Resumo do dia: cada prata, um sabor

2008-08-21 16:02

Vela festeja reação que levou ao segundo lugar; futebol feminino chora a derrota para as americanas; e vôlei faz história ao passar para a final

 

No quadro de medalhas, o Brasil passou duas semanas com um incômodo zero na coluna das pratas. Nesta quinta, de uma só vez, ganhou duas e já garantiu a terceira. Na água, o gosto é de superação. Na grama, de decepção. Na quadra, ainda é possível trocá-la pelo ouro. 

 

Editoria de Arte/GLOBOESPORTE.COM
Sorrisos na vela, choro no futebol: as pratas do Brasil tiveram sabores diferentes nesta quinta-feira

Quando subimos no segundo degrau do pódio pela primeira vez, chovia bastante em Pequim. Tudo bem, porque Robert Scheidt e Bruno Prada não têm medo de água. Eles tinham começado mal a competição na classe Star, mas confirmaram uma reação fantástica. Na última regata, o desfecho polêmico criou um breve vaivém de medalhas entre Brasil e Suécia. No fim das contas, a prata foi confirmada e a dupla de velejadores fez a festa.
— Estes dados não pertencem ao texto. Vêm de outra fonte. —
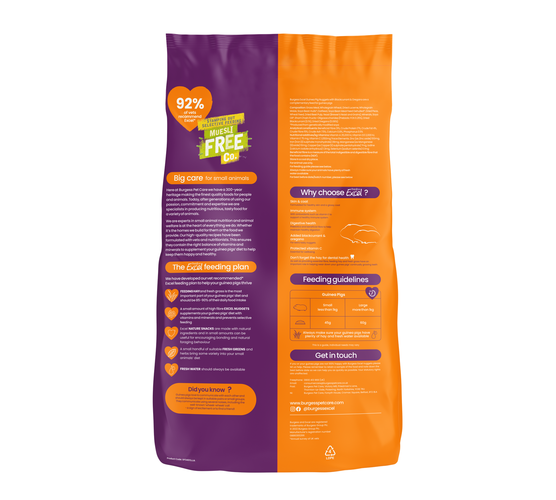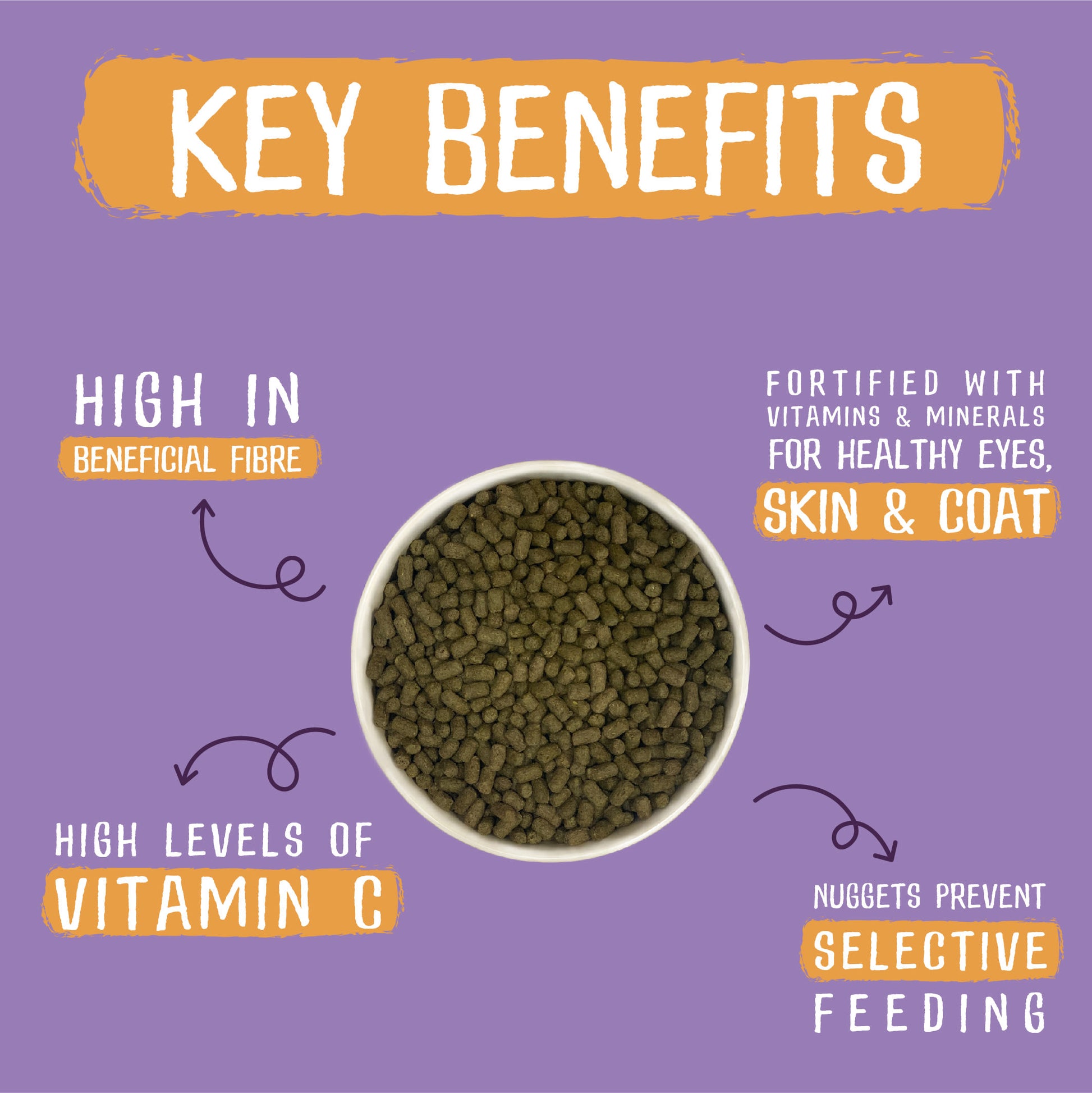 Protected vitamin C essential for wellbeing, Added blackcurrant and oregano for extra tasty nuggets, "Skin & coat - Formulated to support healthy skin and a glossy coat, Immune system - With antioxidants such as vitamin E to support a healthy immune system, Digestive health - Prebiotics and beneficial fibre to help maintain healthy digestion", Don’t forget the hay for dental health. As well as providing essential fibre, feeding hay and fresh grass have an important role in helping wear down your guinea pigs' continually growing teeth.

No futebol feminino, ao contrário, a notícia do segundo lugar veio carregada de muita tristeza. A derrota para os Estados Unidos na prorrogação enterrou o sonho dourado de Marta & Cia. O resultado foi especialmente doloroso porque a seleção verde-amarela bombardeou as americanas nos últimos minutos de um jogo tenso. A camisa 10 olhou para o céu e perguntou:

- O que fiz de errado?

 

  Agência/Reuters 
 
Mari foi o grande nome do jogo contra a China. Agora, ela quer trocar a prata pelo ouro

No vôlei, as meninas não fizeram nada de errado e também garantiram a prata. Só isso já é um feito histórico. Após quatro derrotas seguidas em semifinais olímpicas, a equipe de Zé Roberto ignorou o caldeirão no Ginásio da Capital, atropelou a China e avançou para a final. Agora cabe entregar a medalha prateada às americanas e, finalmente, pendurar o ouro no peito.

As cubanas, que tinham batido o Brasil em duas dessas fatídicas semifinais, não tiveram a mesma sorte em Pequim. Perderam para os Estados Unidos e terão de se contentar, no máximo, com o bronze.

O terceiro lugar, aliás, não é nenhuma vergonha. Teve gente que chegou a Pequim sonhando com o pódio e vai voltar de mãos vazias. É o caso de Jadel Gregório, que parecia meio desanimado no início da competição de salto triplo. Só gritou como o Jadel que a gente conhece na última tentativa, mas já era tarde. Longe de suas melhores marcas, o brasileiro terminou em sexto. 

 

  Agência/AP 
 
Rodrigo Pessoa zerou o percurso no desempate, mas perdeu a medalha no tempo

Hipismo sem medalhas

 

No hipismo, Rodrigo Pessoa também passou em branco. Mais lento que os rivais no desempate, ele ficou em quinto lugar montando Rufus. Constrangimento, na verdade, foi o que aconteceu com Bernardo Alves. Seu cavalo Chupa Chup foi pego no antidoping e eliminado dos Jogos.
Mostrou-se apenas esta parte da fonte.